Drawing inspiration from Pronovost and the fields of engineering and aviation, the author and the World Health Organization developed a checklist to be tested in eight hospitals around the world, in what was named the Safe Surgery Saves Lives program. The hospitals were asked to use this surgical checklist, which consisted of nineteen essential items ranging from discussing the patient’s expected blood loss to confirming that they actually had the correct patient. The results were astounding; deaths from surgeries across the eight hospitals were reduced by 47 percent.

Checklists are as simple as they sound: a list of steps to be completed when carrying out a procedure. Surprisingly, it is the obvious steps – stuff that everyone should know – that are often most crucial and yet forgotten or skipped. The checklist functions as a safety net to make sure we catch the obvious stuff, such as asking, “What kind of weapon was used?” before we proceed any further. Once the basic stuff is checked off, we are mentally better equipped to tackle the more complex or unpredictable issues that are unique to each patient.

Checklists should be as short as possible, include all essential steps and leave no room for misunderstandings.

It’s easy to scoff at checklists, particularly as many of us think of them as scrawled reminders or glorified to-do lists. However, when they contain all essential items, and are concise and usable, checklists become powerful tools.

One essential aspect of a checklist is that it contains the “killer items” of the procedure. These are the steps that are easily disregarded but, if not completed, could be disastrous. For example, this could be a reminder to identify a patient’s allergies before surgery.

Although they should contain all essential items, checklists should not be thorough guides. Daniel Boorman, a veteran pilot who creates aviation checklists for Boeing, says that around five to nine items are ideal, and there should be a time limit on how long it takes to go through the list.
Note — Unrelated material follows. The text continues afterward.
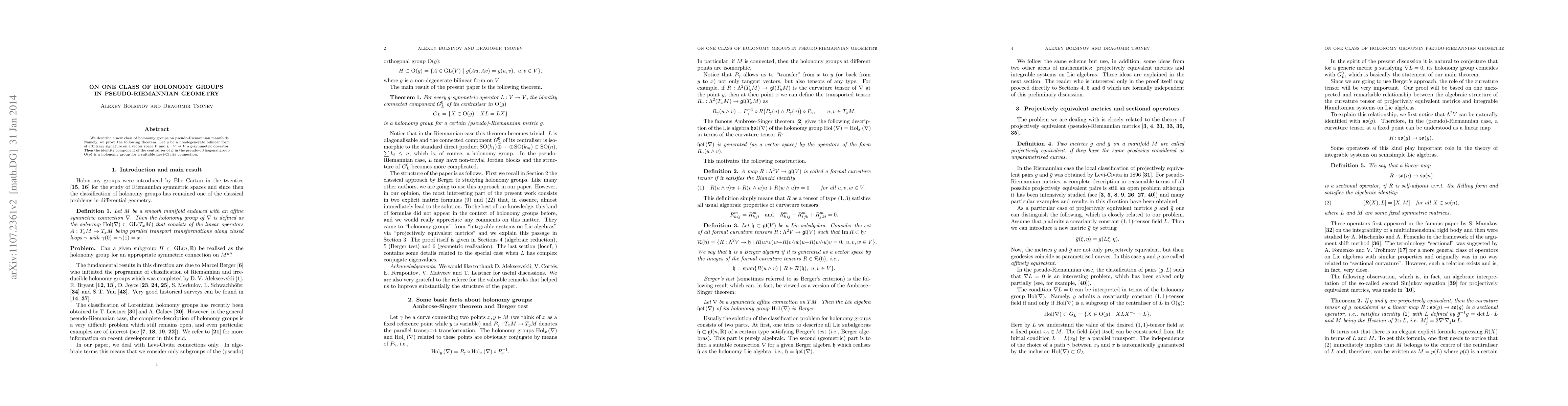 Summary: The paper introduces a novel class of holonomy groups in pseudo-Riemannian geometry, demonstrating that the identity component of the centralizer of a specific symmetric operator in the orthogonal group is a holonomy group associated with a Levi-Civita connection.

After around one minute of reading a list, people can become distracted and skip vital steps.

A checklist should also be user friendly. For example, a surgeon while implementing an early version of his checklist, confused a nurse in his team right before a surgical procedure because it was unclear how the checklist should be used. The nurse had checked off the steps for the procedure before it had even started, rather than – as the surgeon had intended – reading out each step to the surgical team and checking them off as they went.

To avoid confusion, it should be clear whether the list is a “READ–DO” (read out the step, then complete it) or a “DO–CONFIRM” (complete the step, then confirm you have completed it). Lists should also be written in the language users are familiar with; for example, “fire mushrooms” (meaning “cook the mushrooms now”) in a restaurant.